Could the data below be retyped exactly, without its pictures?

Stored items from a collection
=== Section Start ===
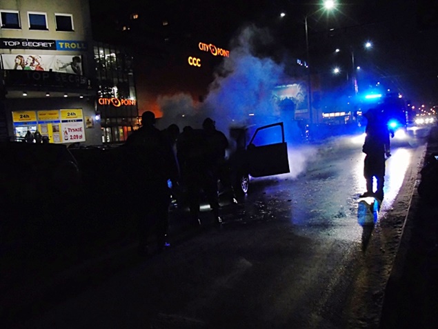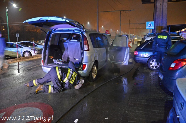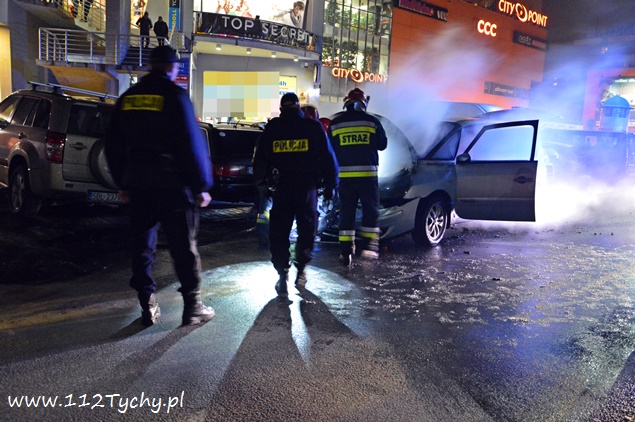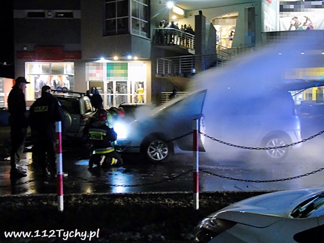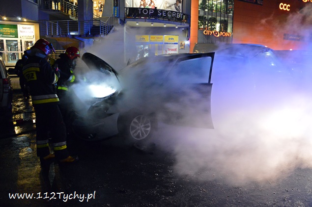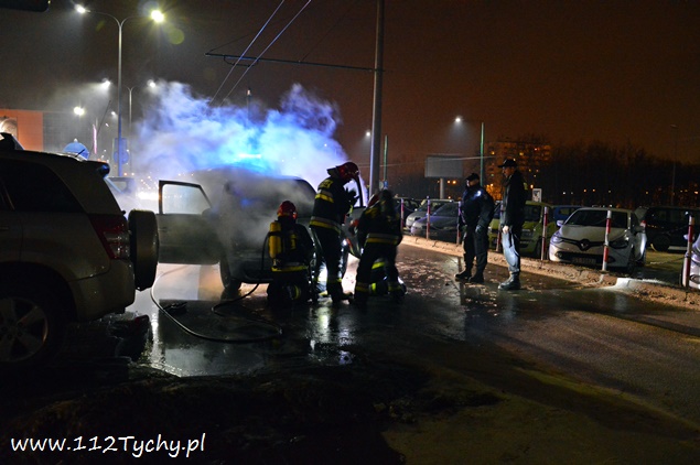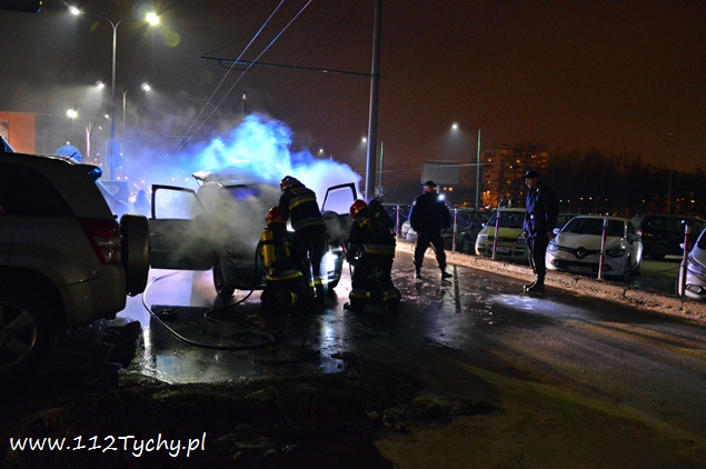 11 lutego około godziny 21.40 do MSK w Tychach wpłynęło zgłoszenie o pożarze samochodu osobowego na al. Jana Pawła II w rejonie DH Senator. Na miejsce natychmiast wysłany został jeden zastęp JRG Tychy (GBA) i patrol Policji. Jeszcze przed przyjazdem służb ratunkowych właściciel pojazdu wraz ze świadkami zdarzenia próbowali ugasić pożar gaśnicami, jednak bezskutecznie. Ruch w kierunku lodowiska odbywał się przez pobliski parking. Po około trzydziestu minutach pożar został ugaszony. Na miejsce wezwana została również piaskarka, aby posypać drogę solą – po pożarze na drodze znajdowało się dużo wody. Jak udało się nam dowiedzieć prawdopodobną przyczyną pożaru było zwarcie instalacji elektrycznej w rejonie nagrzewnicy pojazdu. Działania na miejscu zakończone zostały po około dwóch godzinach.
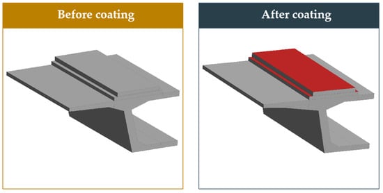 The main source of heat for a ballastless track is solar radiation, so this paper takes reflective coating as an example to study the temperature effect of a cooling coating on the structure of ballastless track. The radiation that shines onto the surface of the track structure is partly reflected and partly absorbed. The radiation absorption coefficient of an ordinary ballastless track surface is about 0.65. The reflective coating has a strong reflective ability against radiation, according to the literature [28]; its reflectivity is greater than or equal to 0.8, and its absorption coefficient is less than 0.2. However, due to the influence of construction conditions, concrete property differences, atmospheric oxidation, and ultraviolet aging, the reflective ability and radiation emission ability of the coating are weakened. In this paper, the reflective coating parameters determined by Kang Weixin [29] by back-calculation through tests are referred to; the solar radiation absorption coefficient of the coatings was 0.37 and the blackness coefficient was 0.82. The thickness of the reflective coatings was thin, so it was ignored in the modeling. The radiation was multiplied by the corresponding absorption coefficient and added to the surface of the ballastless track as a heat flow density load in the calculation. The painting method is shown in Figure 8.
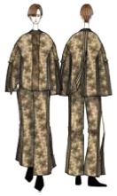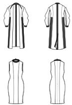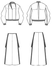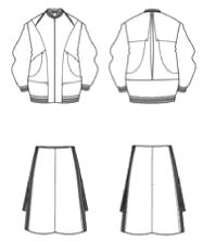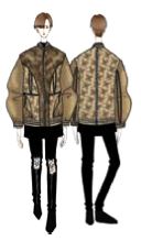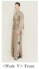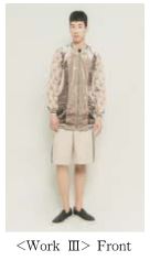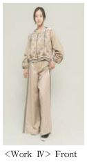 Table 2의 <작품 III>과 <작품 IV>는 성수동의 전통적인 지역 경제인 2차 산업이 창조성을 기반으로 하는 새로운 형태의 3차 산업의 유입으로 인해 사회·문화적으로 복합성을 나타내고 있다는 지역적 특성을 반영하여 스카잔 점퍼 형태의 아우터에서 남성적인 직선적 요소와 여성적인 곡선의 요소를 적절히 사용하여 복합적인 성의 균형을 이루는 유니섹스 룩을 디자인하였다.
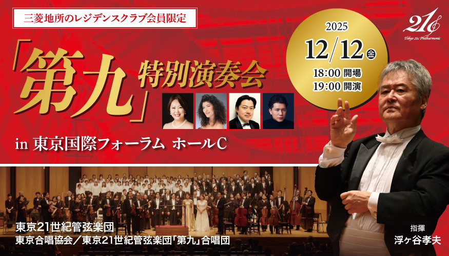 新しい時代の“楽しいオーケストラ”を目指し活動を続ける「東京21世紀管弦楽団」による、三菱地所のレジデンスクラブ会員限定の「第九 特別演奏会」に1,500名様をご招待いたします。
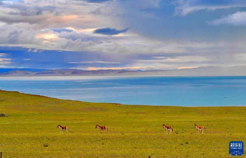 扎日南木错湖畔的藏野驴(8月19日摄)。
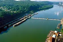 Elizabeth Locks & Dam is one of nine navigational structures on the Monongahela River between Pittsburgh, Pennsylvania and Fairmont, West Virginia. Maintained and built by the U.S. Army Corps of Engineers, the gated dam forms an upstream pool that extends for 23.8 miles, stretching to Charleroi, Pennsylvania.[1]
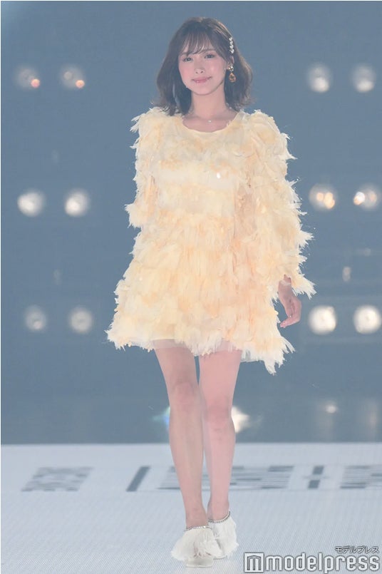 モデルの今井アンジェリカは、ツインテールに鮮やかな黄色のチュールワンピ姿で、笑顔を弾けさせた。
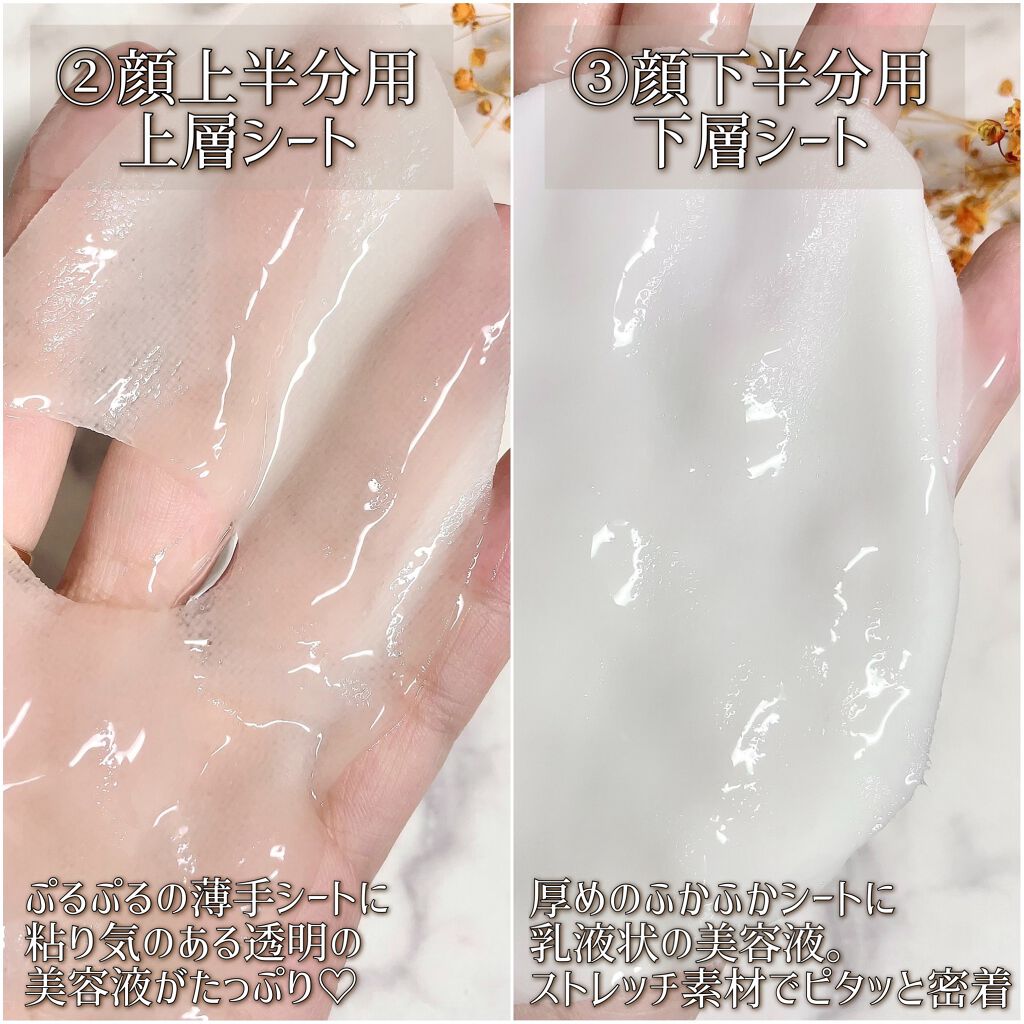 - 週に一度のご褒美ケアマスク!アンプルシート、上層シート、下層シートの3ステップ。 エーデルワイスカルス培養エキス(*1)が古い角質をケアし、ツルスベ肌に。 上下に分かれたシートがピタッと密着し、キメの整ったもっちり美肌に導きます。 *1整肌成分
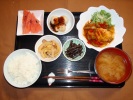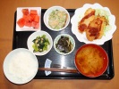 ごはん、味噌汁(あげ、豆腐、ワカメ)、白身魚のタルタルソース(ほうれん草とあげ和えの付け合せ)、ブロッコリーの煮物、竹輪とジャガイモの玉子とじ、人参とたらこ和え、フルーツ:イチゴ、ぶどう(レッドグローブ) |
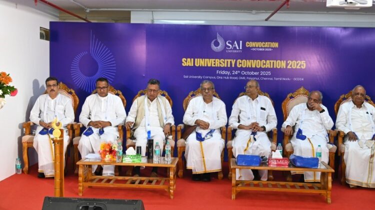 The Class of 2024 of Sai University, Chennai, received their degrees at the university’s Second Convocation Ceremony held on Friday, October 24, 2025, at the Sai University campus on OMR. The event marked a significant milestone for students graduating from the School of Arts and Sciences (BA/BSc Hons), the School of Computing and Data Science (BTech), and the School of Law (LLM).
=== Section End ===
§ Task response:
 11 lutego około godziny 21.40 do MSK w Tychach wpłynęło zgłoszenie o pożarze samochodu osobowego na al. Jana Pawła II w rejonie DH Senator. Na miejsce natychmiast wysłany został jeden zastęp JRG Tychy (GBA) i patrol Policji. Jeszcze przed przyjazdem służb ratunkowych właściciel pojazdu wraz ze świadkami zdarzenia próbowali ugasić pożar gaśnicami, jednak bezskutecznie. Ruch w kierunku lodowiska odbywał się przez pobliski parking. Po około trzydziestu minutach pożar został ugaszony. Na miejsce wezwana została również piaskarka, aby posypać drogę solą – po pożarze na drodze znajdowało się dużo wody. Jak udało się nam dowiedzieć prawdopodobną przyczyną pożaru było zwarcie instalacji elektrycznej w rejonie nagrzewnicy pojazdu. Działania na miejscu zakończone zostały po około dwóch godzinach.
 The main source of heat for a ballastless track is solar radiation, so this paper takes reflective coating as an example to study the temperature effect of a cooling coating on the structure of ballastless track. The radiation that shines onto the surface of the track structure is partly reflected and partly absorbed. The radiation absorption coefficient of an ordinary ballastless track surface is about 0.65. The reflective coating has a strong reflective ability against radiation, according to the literature [28]; its reflectivity is greater than or equal to 0.8, and its absorption coefficient is less than 0.2. However, due to the influence of construction conditions, concrete property differences, atmospheric oxidation, and ultraviolet aging, the reflective ability and radiation emission ability of the coating are weakened. In this paper, the reflective coating parameters determined by Kang Weixin [29] by back-calculation through tests are referred to; the solar radiation absorption coefficient of the coatings was 0.37 and the blackness coefficient was 0.82. The thickness of the reflective coatings was thin, so it was ignored in the modeling. The radiation was multiplied by the corresponding absorption coefficient and added to the surface of the ballastless track as a heat flow density load in the calculation. The painting method is shown in Figure 8.
 Table 2의 <작품 III>과 <작품 IV>는 성수동의 전통적인 지역 경제인 2차 산업이 창조성을 기반으로 하는 새로운 형태의 3차 산업의 유입으로 인해 사회·문화적으로 복합성을 나타내고 있다는 지역적 특성을 반영하여 스카잔 점퍼 형태의 아우터에서 남성적인 직선적 요소와 여성적인 곡선의 요소를 적절히 사용하여 복합적인 성의 균형을 이루는 유니섹스 룩을 디자인하였다.
 新しい時代の“楽しいオーケストラ”を目指し活動を続ける「東京21世紀管弦楽団」による、三菱地所のレジデンスクラブ会員限定の「第九 特別演奏会」に1,500名様をご招待いたします。
 扎日南木错湖畔的藏野驴(8月19日摄)。
 Elizabeth Locks & Dam is one of nine navigational structures on the Monongahela River between Pittsburgh, Pennsylvania and Fairmont, West Virginia. Maintained and built by the U.S. Army Corps of Engineers, the gated dam forms an upstream pool that extends for 23.8 miles, stretching to Charleroi, Pennsylvania.[1]
 モデルの今井アンジェリカは、ツインテールに鮮やかな黄色のチュールワンピ姿で、笑顔を弾けさせた。
 - 週に一度のご褒美ケアマスク!アンプルシート、上層シート、下層シートの3ステップ。 エーデルワイスカルス培養エキス(*1)が古い角質をケアし、ツルスベ肌に。 上下に分かれたシートがピタッと密着し、キメの整ったもっちり美肌に導きます。 *1整肌成分
 ごはん、味噌汁(あげ、豆腐、ワカメ)、白身魚のタルタルソース(ほうれん草とあげ和えの付け合せ)、ブロッコリーの煮物、竹輪とジャガイモの玉子とじ、人参とたらこ和え、フルーツ:イチゴ、ぶどう(レッドグローブ) |
 The Class of 2024 of Sai University, Chennai, received their degrees at the university’s Second Convocation Ceremony held on Friday, October 24, 2025, at the Sai University campus on OMR. The event marked a significant milestone for students graduating from the School of Arts and Sciences (BA/BSc Hons), the School of Computing and Data Science (BTech), and the School of Law (LLM).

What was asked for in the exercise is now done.